Why We Were Interested: Standardized achievement tests have come to be recognized as the "one and only acceptable means of measuring how well kids, teachers, and schools are doing. This is despite the fact that the tests don't in any way match the instruction that kids in any given class receive. Moreover, they don't even try to determine what kids have learned, but only how they stack up with kids at the same grade level. People inside and outside of testing recognize these fatal flaws, but they don't consider them fatal. The excuse is, "They're the best we have. There's no better way." We thought there might indeed be a better way.

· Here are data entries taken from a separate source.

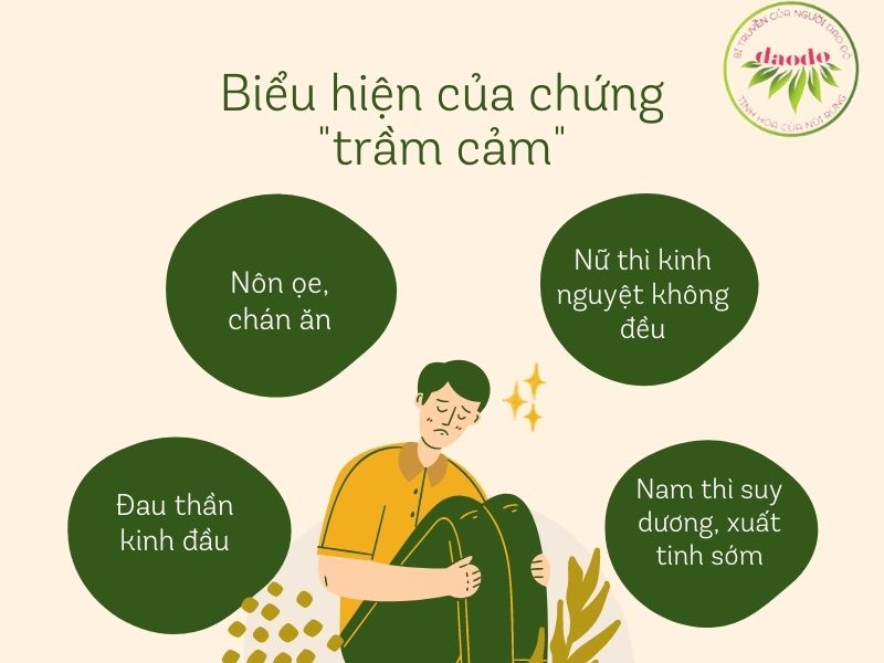 “Trầm cảm” không những làm cho người ta khó chịu về sức khoẻ mà cả tâm lý cũng chịu sức ép lớn, đương nhiên dạng tâm lý này không thể hiện ở một dạng bệnh cụ thể về cơ thể mà do ở tinh thần bị căng thẳng lâu ngày làm cho thần kinh trung ương mất điều hoà, sinh ra hiện tượng “thất thường tinh thần” như đau thần kinh đầu, nôn oẹ, chán ăn, nữ thì kinh nguyệt không đều, nam thì dương suy, xuất tinh sớm v.v...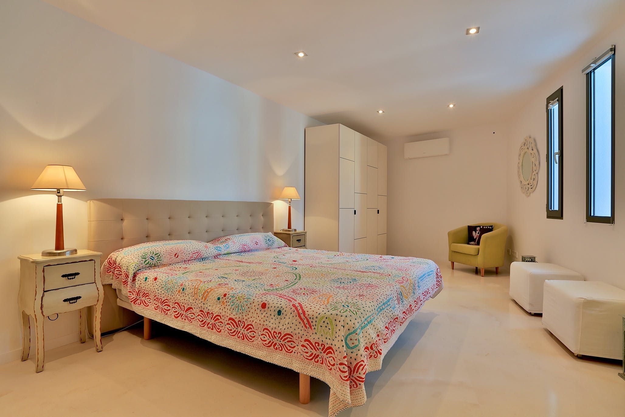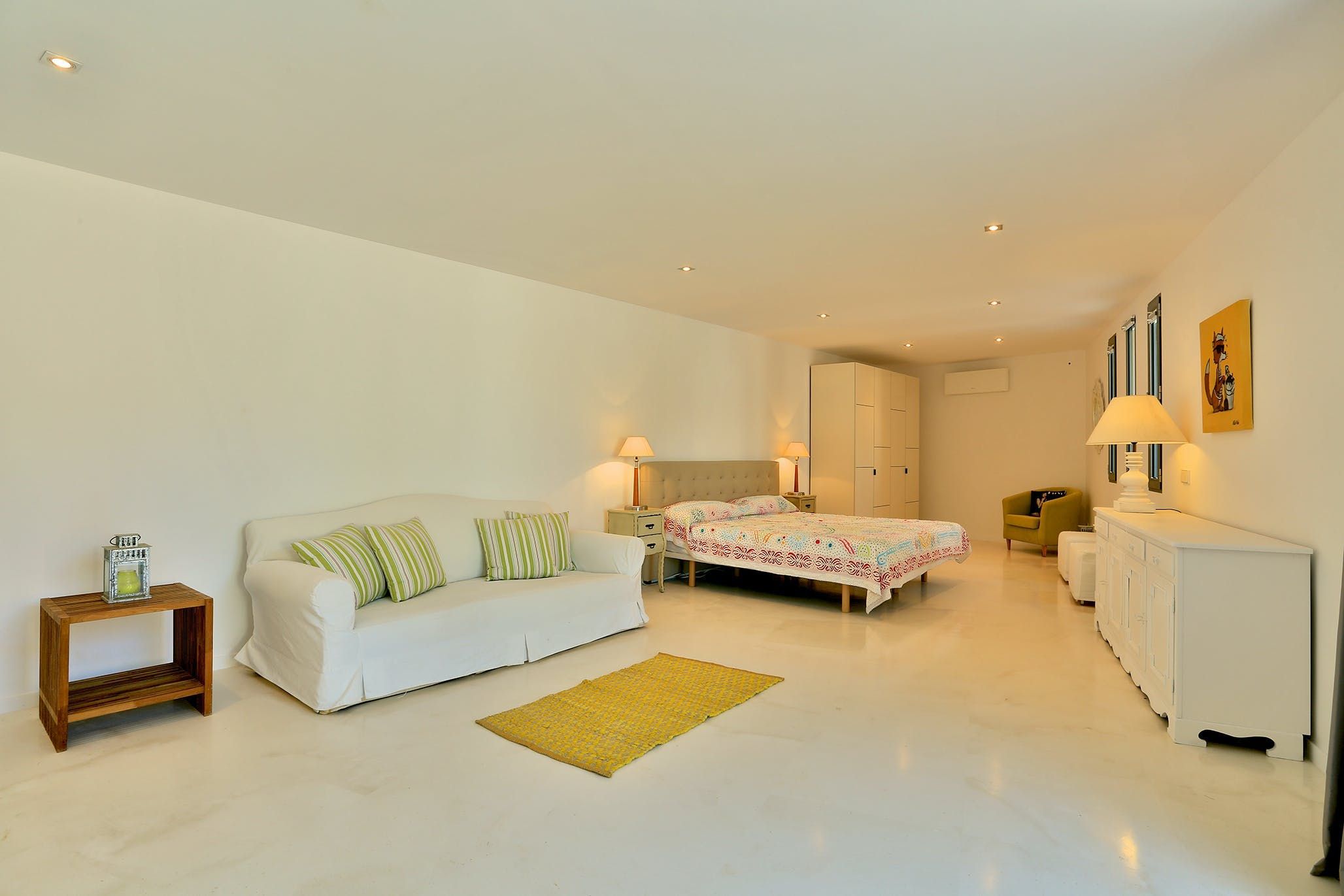 On Ibiza’s idyllic quiet side, this luxurious villa overlooks the sparkling sea at Es Torrent Bay. A three-minute drive (or leisurely twenty-five-minute walk) sees you at the soft sand and restaurant at Es Torrent beach. This section of Ibizan coast is dotted with sheltered coves and secret bays to explore. If getting to know Ibiza’s famous nightlife is on your bucket list, the world-famous beach clubs of Platja d'en Bossa are just a fifteen-minute drive away and you can return to blissful peace and quiet after a day (or night) of hedonism.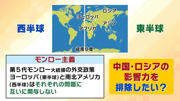 そして、今新たにトランプ大統領が打ち出している外交戦略が“ドンロー主義”。「西半球の権益はアメリカが確保する。今や“ドンロー主義”」と発言しているのです(CNNによる)。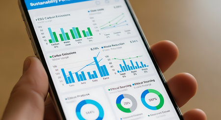 a smartphone in hand showing sustainability data with carbon emissions and waste reduction charts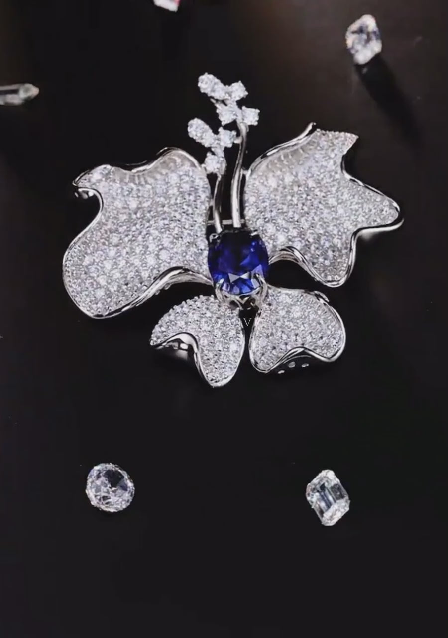 Butterfly Blue Sapphire Brooch

What We Did: We had access to around 200,000 kids in about 450 schools in rural districts in 19 states in the US that were participating in a structured program in reading and math in grades 1-6. The instruction cut across grade levels to concentrate on matters the kids had not learned, irrespective of their grade. At the end of the year, we gave a large sample of the kids tests to get data on four areas of instruction: reading decoding and math computation, that we termed "definite instruction" and reading comprehension and math concepts that we termed "indefinite instruction. We used three different kinds of tests in each instructional area: off-the-shelf standardized achievement tests, tests that matched the general curriculum emphases at a given grade, and tests that matched the actual instruction the kids had received.

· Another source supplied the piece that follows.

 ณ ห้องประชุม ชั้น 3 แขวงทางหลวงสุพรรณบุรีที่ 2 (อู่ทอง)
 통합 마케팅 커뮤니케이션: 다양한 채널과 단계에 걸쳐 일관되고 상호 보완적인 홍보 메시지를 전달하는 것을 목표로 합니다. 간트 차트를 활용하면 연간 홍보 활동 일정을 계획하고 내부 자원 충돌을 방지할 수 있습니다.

We tested each kid at a level of the test that most closely matched the level of instruction received during the year (referred to as "at instruction") and also the next higher level for each kind of test (referred to as "above instruction").

So we were able to look at what happened in the two subjects - reading and math - in the two areas of instruction - definite and indefinite - on the three kinds of tests - that varied in the degree they departed from the instruction received, and that also varied in terms of whether they focused on matters - the level of the instruction received or were above the level of the instruction received. Quite a bit to look at.

What We Found Out: First we did the standard analyzes of how reliable the tests were and how they interrelate, It turned out that each test was acceptably reliable. And the tests in each subject were highly correlated. Had we stopped here we would have concluded, "It really doesn't matter which kind of test you use. And since standardized tests are traditional, they win."-which is about what the testing experts say and what the public accepts. We went on to look at the information yielded by the standardized achievement test (SAT) Grade Equivalents. The SATs that most closely matched the instruction the kids received produced low grade equivalents. But these grade equivalents reflected the level of the instruction at which the kids were working. But SATs are not administered at the grade level at which the kid is (or should be) working, but rather at the grade level in which they are enrolled. Looking at the "abovelevel" results, which reflect this practice, we find higher Grade Equivalents (although still somewhat "behind) despite the fact the percentage of items answered correctly was lower than for the "at level" test.

Tests referenced to the general curriculum both showed a high level of performance "at level" on matters they had been taught and a lower level of performance on matters "above level" that they hadn't yet been taught.

Finally, we looked at the differences between the results of "definite" and "indefinite instruction. The results on the "definite" instruction were consistently higher than on the "indefinite" instruction. Secondly, with the exception of Reading Decoding at Grade 3 (which is where the remaining complicated and infrequently encountered words are the focus) the performance increases from grade to grade. With "indefinite instruction" the pattern is different. Here the performance rises to a peak and then declines! This is obviously a function of the nature of the indefinite instruction rather than the nature of the kids. Kids don't become weaker conceptually or comprehend less well with further instruction. It just appears that way when the definition of what is meant by the instructional rubric changes from grade to grade. "It's not fair," as the kids might accurately say.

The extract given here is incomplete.